このやり取りを見て、改めて彼女の頼もしさを感じる。俺には到底できない冷静さかつ丁寧な対応だ。俺だけの時はこうもいかない。


「期待しているぞ」


カーク・グラディウスが最後にそう言い、話はようやく終わりを告げた。

———何とか眠気に打ち勝った。これで帰れる……。


「ソウよ、其方はもう少しアルジェを見習ったらどうだ? 能力があるのは認めるが気概を感じられん」


話がようやく終わり、帰ろうとした瞬間、———領主から苦言が飛んできた。

ま、まさか眠そうにしていたことがバレている?


それに能力があるって何だ? なんでこの人は俺を高く評価しているんだろう?

せいぜい俺はギルドの受付くらいがちょうどいい。ギルドの運営だってアルジェがほとんどやってくれているし、まともに書類整理すらしていない。

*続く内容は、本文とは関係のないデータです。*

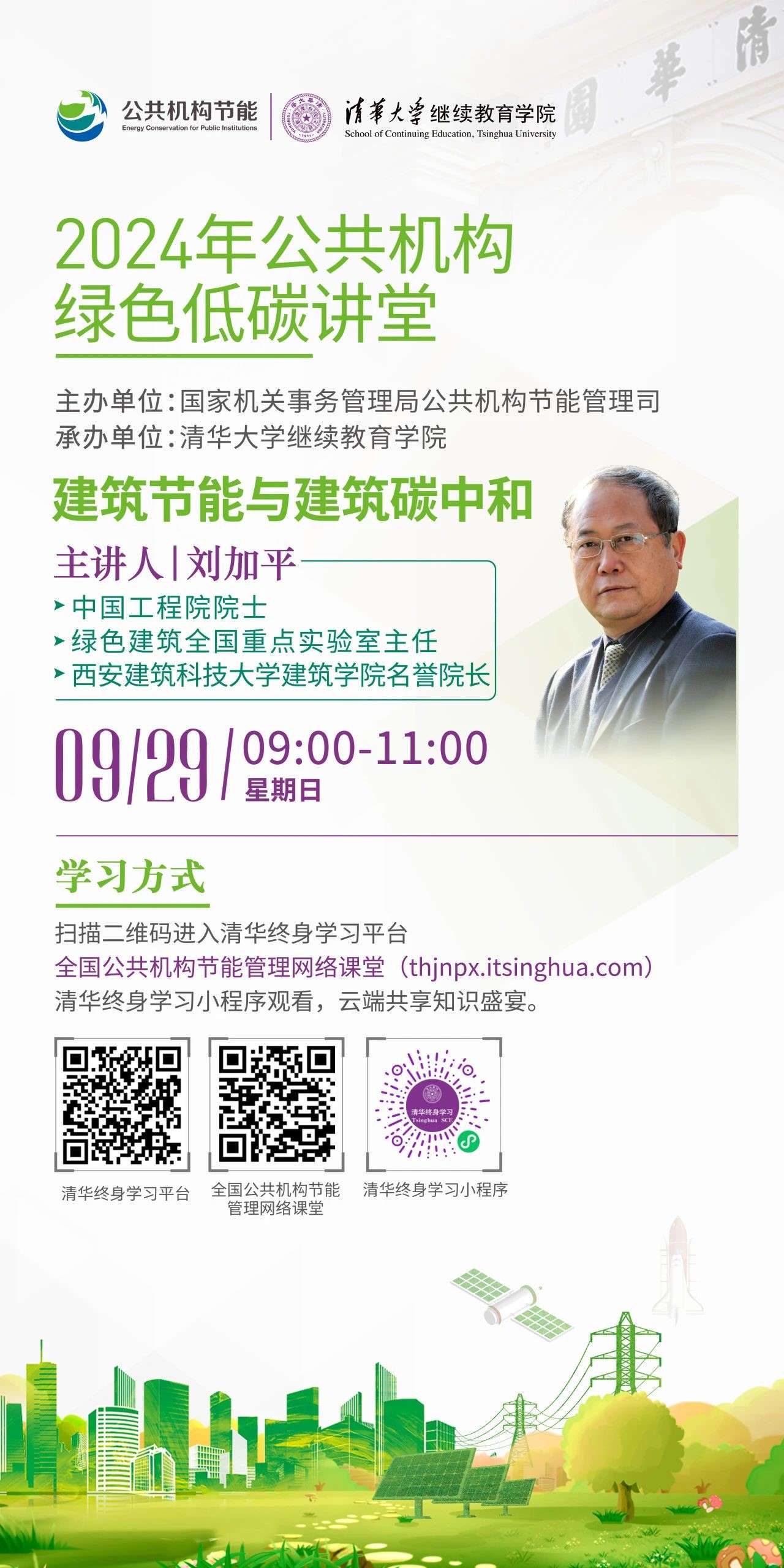 为全面贯彻落实党的二十届三中全会精神,充分发挥公共机构在节约能源资源中的示范引领作用,加快推动公共机构绿色转型,9月29日(周日)上午9:00,国管局节能司将通过清华大学云课堂平台举办2024年第三期公共机构绿色低碳讲堂,邀请中国工程院院士、绿色建筑全国重点实验室主任、西安建筑科技大学建筑学院名誉院长刘加平,以“建筑节能与建筑碳中和”为主题进行授课。请各部门积极组织全体人员参与学习。

………ギルドマスターから受付に異動願いを出せないかな?


「えっと、……善処します」


領主は何も言わず、ただ微かに頷くだけだった。その視線には、俺への期待が込められているようで、ちょっと居心地が悪い。期待されるって、こんなに重たいものなんだな、と改めて実感した。

———帰ったら受付に異動願い出せるか、アルジェに相談しよう。